As the substituent (h) in the heterocyclic group formed together with the substituted alicyclic heterocyclic group and the adjacent nitrogen atom, in addition to the groups mentioned as the substituent (g) in the aryl etc., oxo and the like Is given.

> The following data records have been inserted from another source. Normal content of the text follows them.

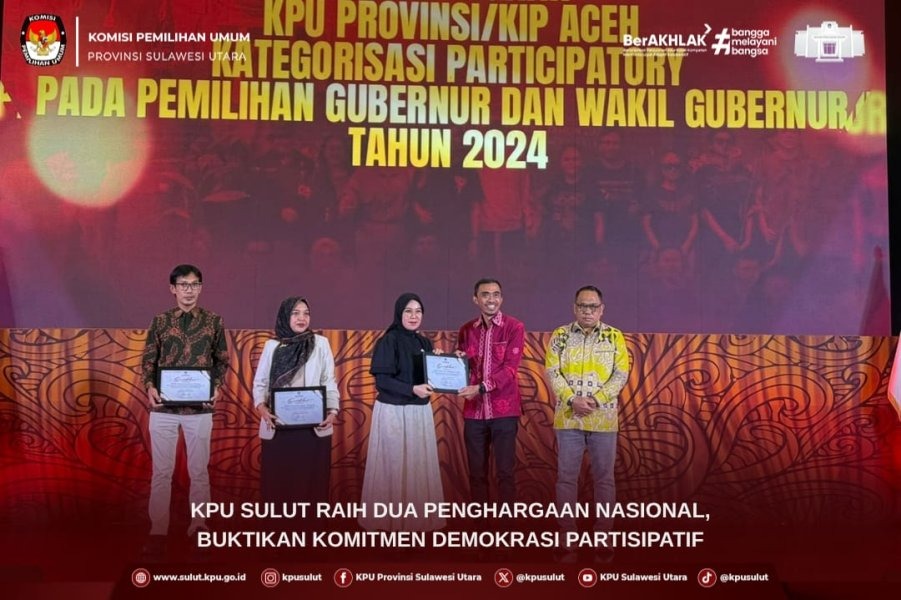 KPU Sulut meraih dua kategori penghargaan sekaligus, yakni kategori Provinsi dengan Kategorisasi Participatory pada Pemilihan Gubernur dan Wakil Gubernur Tahun 2024 serta penghargaan sebagai Provinsi yang Telah Mendokumentasikan Pembelajaran Pilkada Tahun 2024.
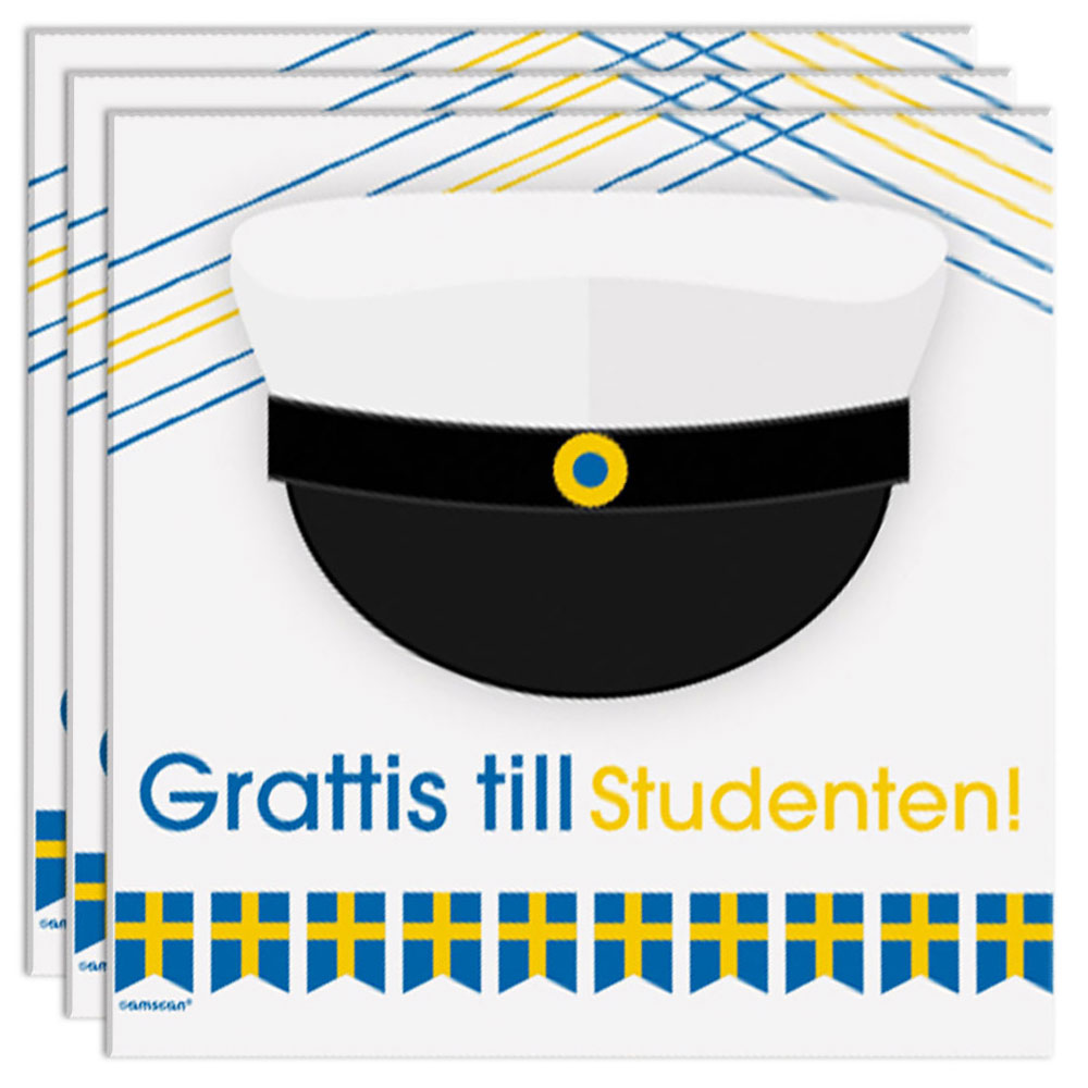 Gör din studentdukning lite extra snygg med dessa fina student servetter! Duka fram dessa servetter till varje gäst och håll din studentmottagning eller studentfest ren och fri från kladd och smuts. Utmärkta studentservetter som även blir en fin detalj till din studentdukning.
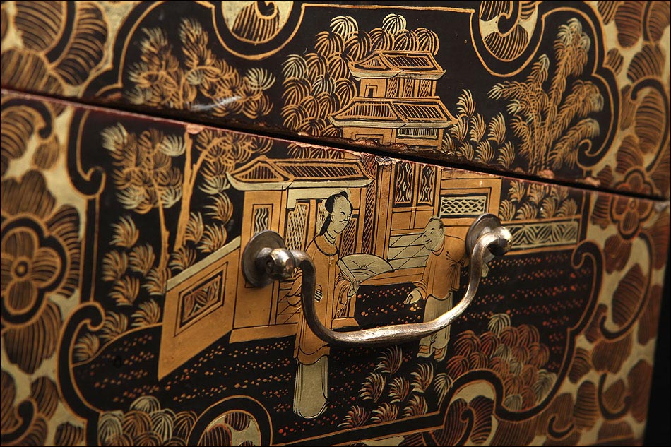 Esta atractiva pieza es una escribanía antigua, fabricada a finales del siglo XIX (circa 1900) para el mercado chino. La escribanía es de madera lacada y su exterior muestra una fantástica decoración de chinerías, realizada en distintos tonos dorados sobre fondo negro. La superficie lacada se encuentra en muy buen estado, sin golpes ni partes desportilladas. El exterior de la escribanía conserva las asas de metal, el tirador del cajón secreto, los ganchos de cierre y las bisagras originales. La cerradura es también la original, aunque la llave no se conserva.
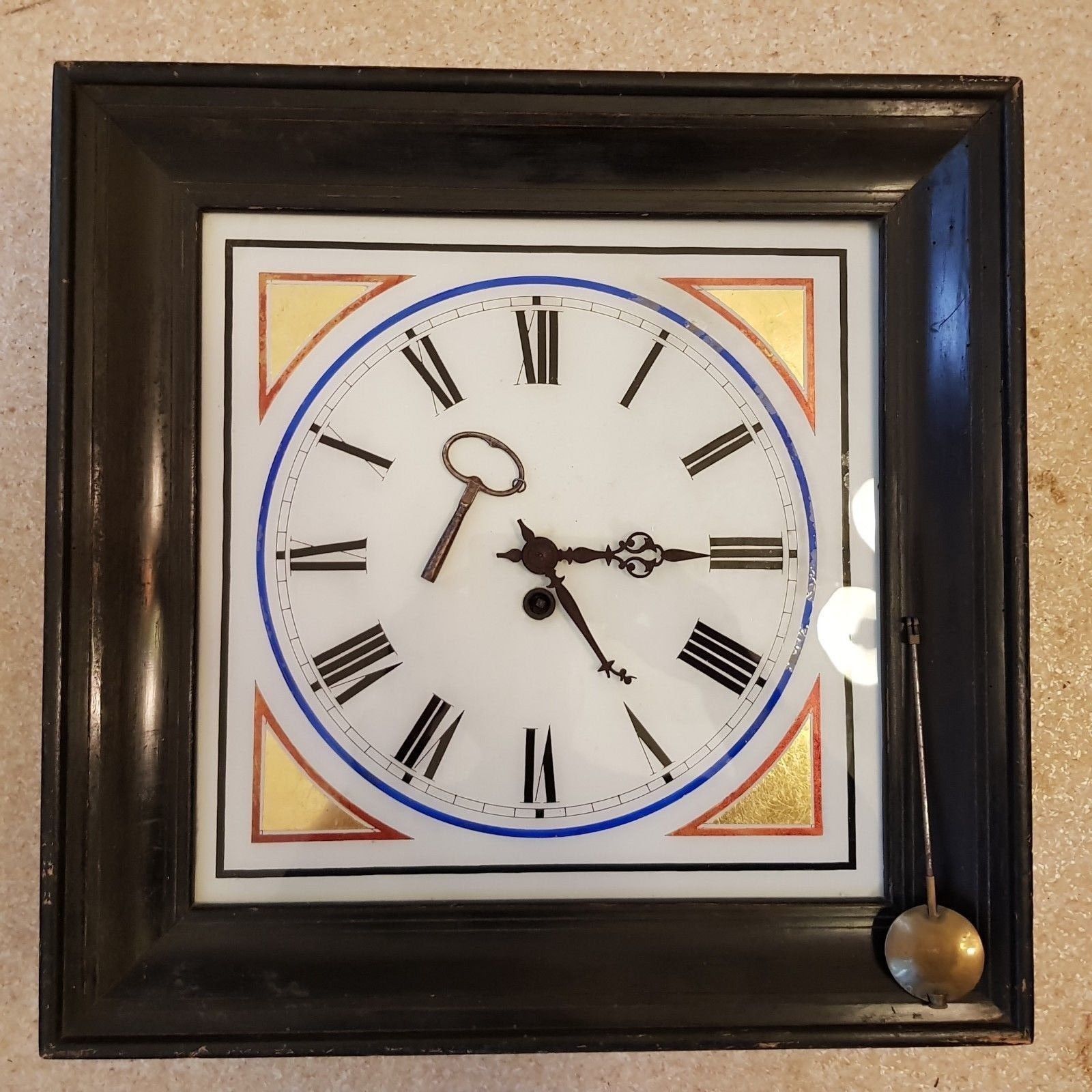 Title (ebay affiliate link): 1800s Antique Key Wind Brass Pendulum Kitchen Farm Stenciled Primitive Clock
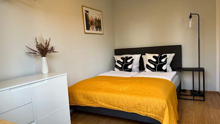 Die Ferienwohnung besteht aus einem Schlafzimmer, einem Wohnzimmer und einer gut ausgestatteten Küchenzeile, die mit einem Kühlschrank und einem Ofen ausgestattet ist. Handtücher und Bettwäsche werden zur Verfügung gestellt. Zudem gibt es eine Terrasse, die zur Erholung einlädt.
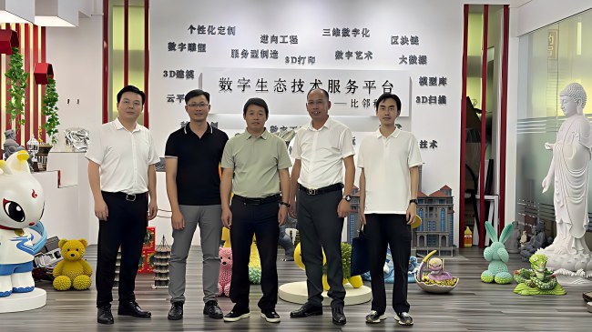 2026年4月14日,赣南师范大学美术与设计学院党委书记钟起万、辅导员张少卿一行莅临比邻三维考察交流,泉州晚报社经济新闻部主任邱和军陪同到访。公司总经理林逢春热情接待并详细介绍企业发展、3D 打印技术应用、文创定制、展陈雕塑等核心业务与标杆案例。
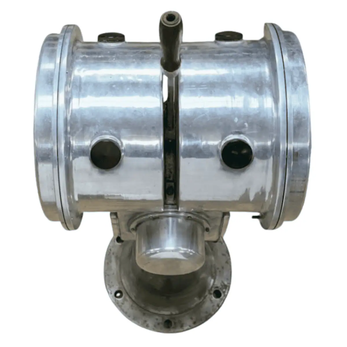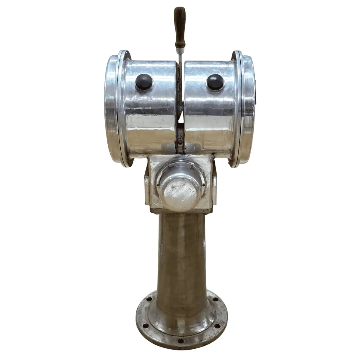The top is aluminum, while the heavy base is iron. Because it was built for life at sea, the body shows natural signs of service. The lever feels stiff to move, and the internal bell no longer rings. We have not tested the unit for full function, so we offer it as a display piece.
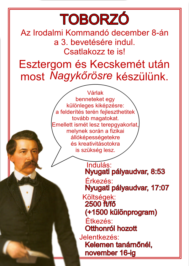 Az irodalmi kommandó október 28-án bevette a visegrádi fellegvárat. A megszokott játékos magyar feladatok mellett rendhagyó módon történelmi kérdésekre is válaszolniuk kellett a kirándulóknak. Mátyás király, Janus Pannonius és Katona Bánk bánjának nyomában kellett járniuk. A felderítő munkát Vereczkei Gyöngyvér tanárnő, Kelemen Krisztina tanárnő és egy veterán kommandós, Gönczi Emese készítette elő.
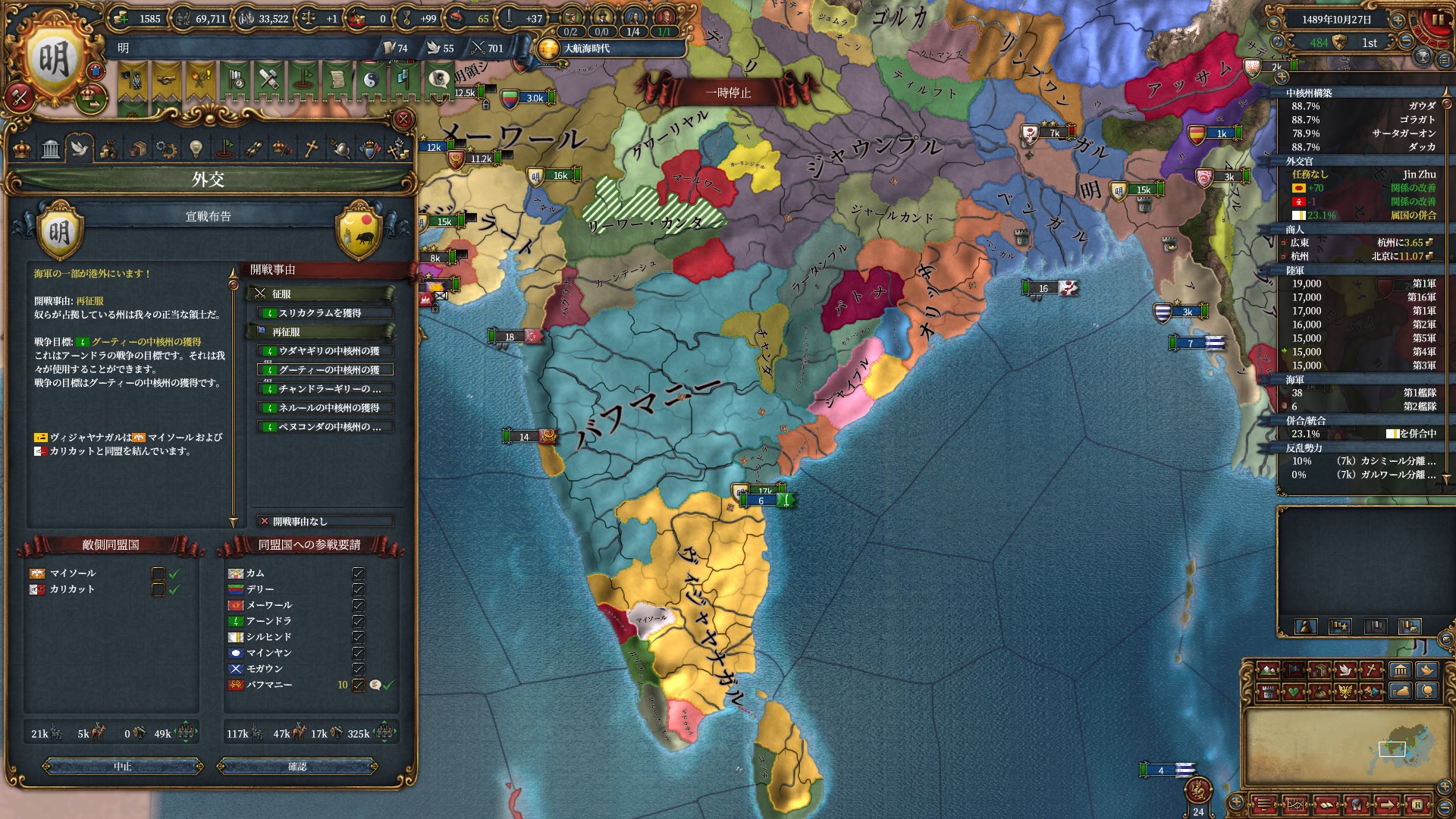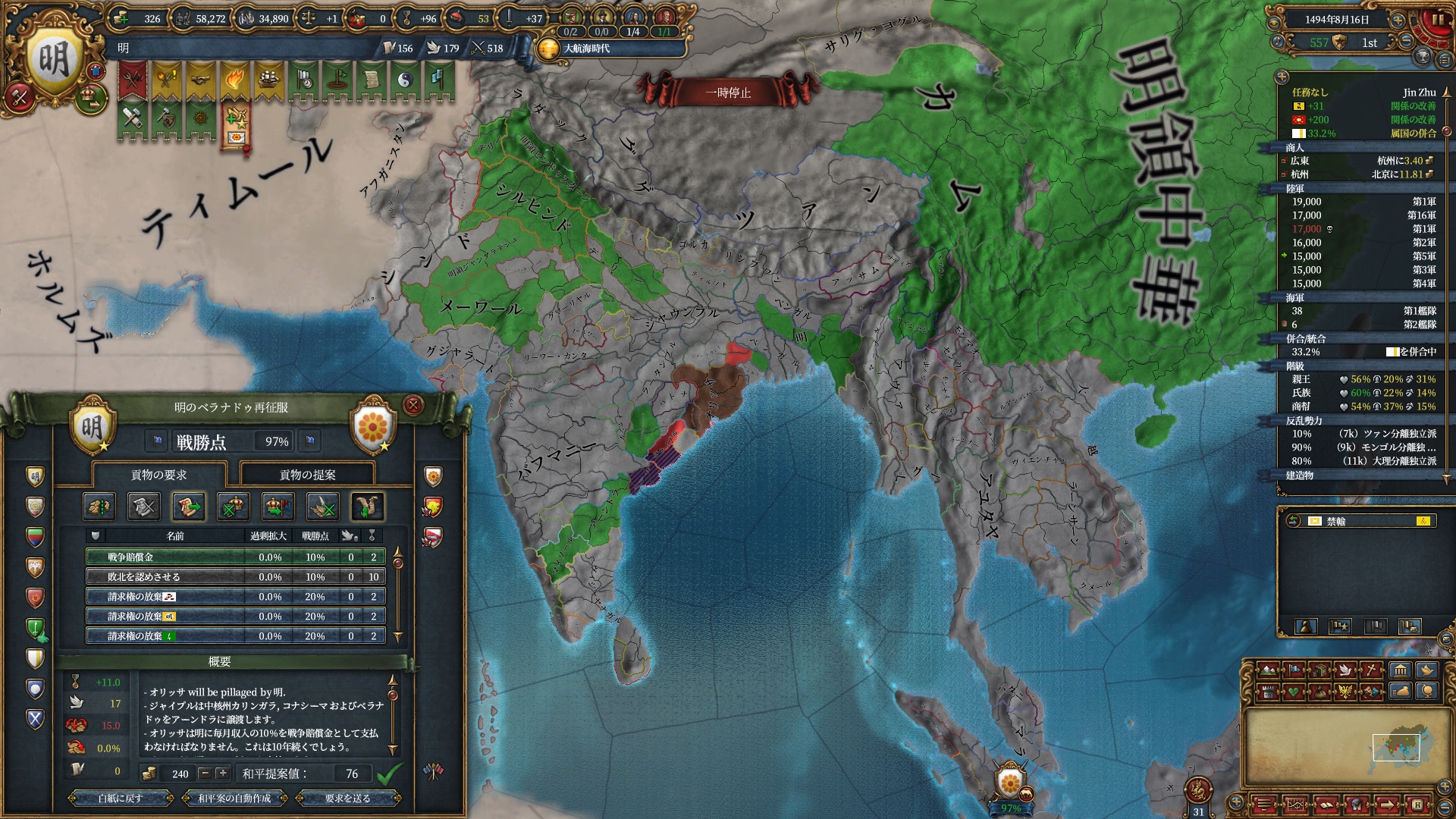 序盤は明も人的資源が大した数が無く人的資源が必要なのと、朝貢国の戦争を抑えるのを副次的目的として狙っています。

The pharmacologically acceptable salt of compound (I) includes, for example, a pharmacologically acceptable acid addition salt, metal salt, ammonium salt, organic amine addition salt, amino acid addition salt and the like.
Examples of the pharmacologically acceptable acid addition salt of Compound (I) include inorganic acid salts such as hydrochloride, sulfate, nitrate, and phosphate, acetate, maleate, fumarate, citrate, and the like. Examples of the pharmacologically acceptable metal salts include alkali metal salts such as sodium salt and potassium salt, alkaline earth metal salts such as magnesium salt and calcium salt, aluminum salt and zinc salt. Examples of the pharmacologically acceptable ammonium salt include salts such as ammonium and tetramethylammonium. Examples of the pharmacologically acceptable organic amine addition salt include addition salts such as morpholine and piperidine. Examples of pharmacologically acceptable amino acid addition salts include addition salts such as glycine, phenylalanine, lysine, aspartic acid, and glutamic acid. That.
Next, the manufacturing method of compound (I) is demonstrated.
In the production method shown below, when the defined group changes under the conditions of the production method or is inappropriate for carrying out the method, a method commonly used in organic synthetic chemistry, for example, protection of a functional group, Deprotection [e.g., Protective Groups in Organic Synthesis, third edition, by John Wiley and Sons, Inc., by TW Greene] (e.g., Protective Groups in Organic Synthesis, third edition). John Wiley & Sons Inc. (1999)] can be used to produce the target compound. Further, the order of reaction steps such as introduction of substituents can be changed as necessary.
Compound (I) can be produced, for example, according to the following steps.
Manufacturing method 1
Compounds (I) wherein R ¹ is substituted or unsubstituted lower alkyl as defined above, substituted or unsubstituted lower alkenyl as defined above, or substituted or unsubstituted lower alkynyl as defined above (Ia ) Can be produced according to the following steps.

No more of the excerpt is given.